Reading List of Friendly Books
Every day since we’ve been together as a household and isolated from others, we have an hour or so devoted to reading as a family. It doesn’t happen at any particular time. I try to be responsive to our moods and needs and just roll with it. To sit in the living room surrounded by my children and just read together is such a gift. I hear them giggle and guffaw at their stories and it simply makes my heart flutter. My husband and each of our daughters have their own Kindle. My younger daughter received hers as a birthday gift from her uncle and my eldest saved for hers dollar by dollar-so sweet! While we do not purchase many e-books, we are avid users of our local library system’s e-book catalog. It has been utilized heavily this past week and we are sure to continue to rely on it as school closures extend out before us indeterminately. Personally, I still prefer a book with pages to turn in my hand. Something about the smell of paper and ink…
Reading a good book has also given me a moment’s repose when we are all feeling that generalized air of anxiety. It can be very tempting to shut down my emotions with unhealthy habits, particularly with social media and online shopping a few finger twitches away. Having a bit of an escape that doesn't actually numb my own emotions and state of mind is one of the healthiest practices I’ve got. Along with handcraft, kitchen dance parties, and yoga, reading has been indispensable.
I’m careful to choose what I like to call “friendly” books. These are books that can serve as a bit of a catalyst for my feelings without dragging me into a grey mood, which happens to me very easily while reading certain types of fiction. Please, don’t ask how long I lived under the low clouds of Forks, Washington after reading Twilight…should I be embarrassed by that? Probably. Am I? Probably not.

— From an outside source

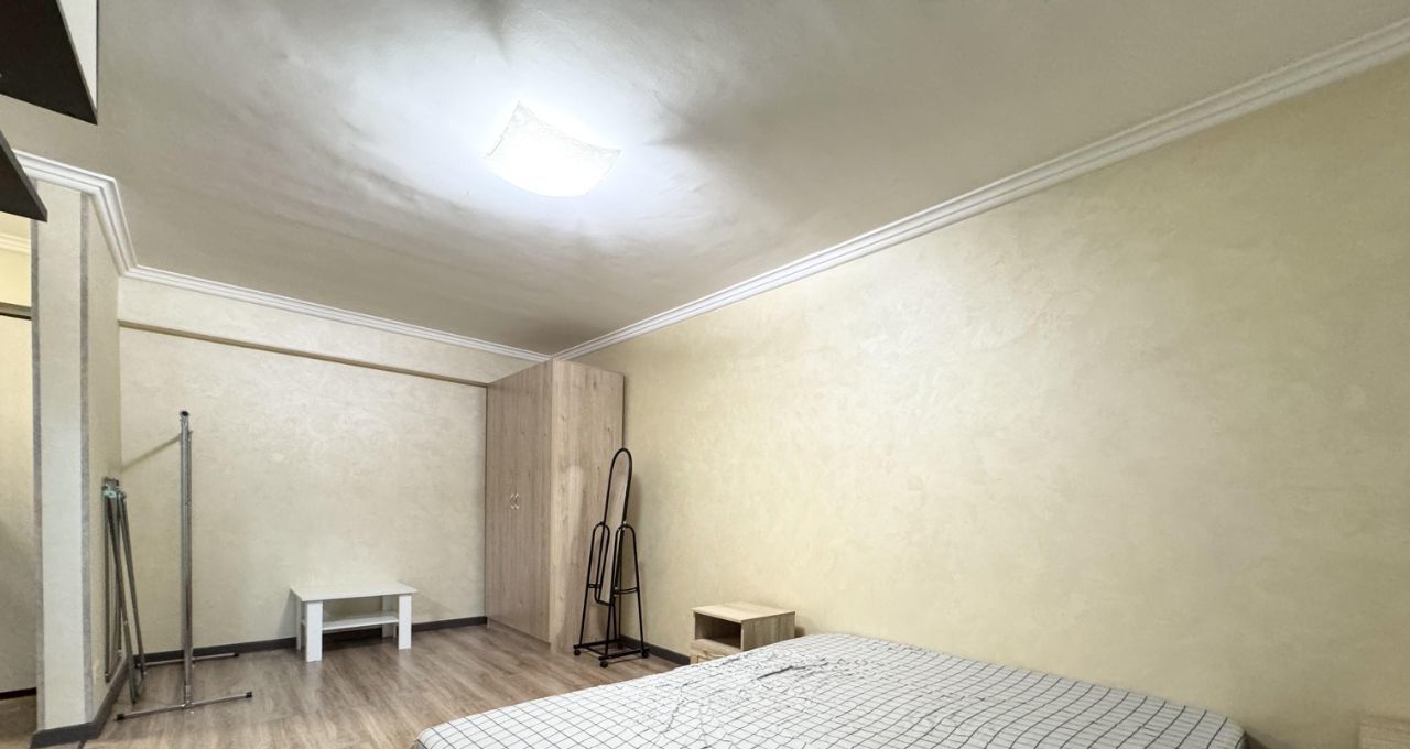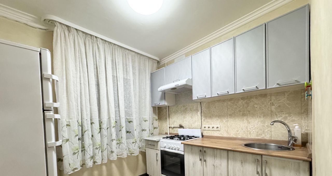 Мебель и техника: Вся необходимая мебель для комфортного проживания (кухонный гарнитур, шкаф, кровать). Техника: холодильник, стиральная машина, плита)

In this season, however, the clouds around us are all too real, even if they are figurative. In literature, I need something sunny but meaningful, something quirky without being too dark, something with pluck and whimsy and hope. Here is my friendly book list for social distancing, and beyond:
1) The Guernsey Literary and Potato Peel Pie Society
I read this book last year, and I so thoroughly enjoyed it, it is going back on my reading list. It is such a charming, hopeful, and touching novel. It also feels so appropriate for our current state, lifting up a story of a groups of people leaning on one another to thrive and live fully in uncertain circumstances.
2) The Hobbit, or There and Back Again
I first read this book in high school, as many of us did, but my ten year old daughter recently read it for the first time, and I dove back in with her. Oh my goodness, if you haven’t read this in many years, like me, pick it up again! It is such an adventure, and you just fall so hopelessly in love with every character.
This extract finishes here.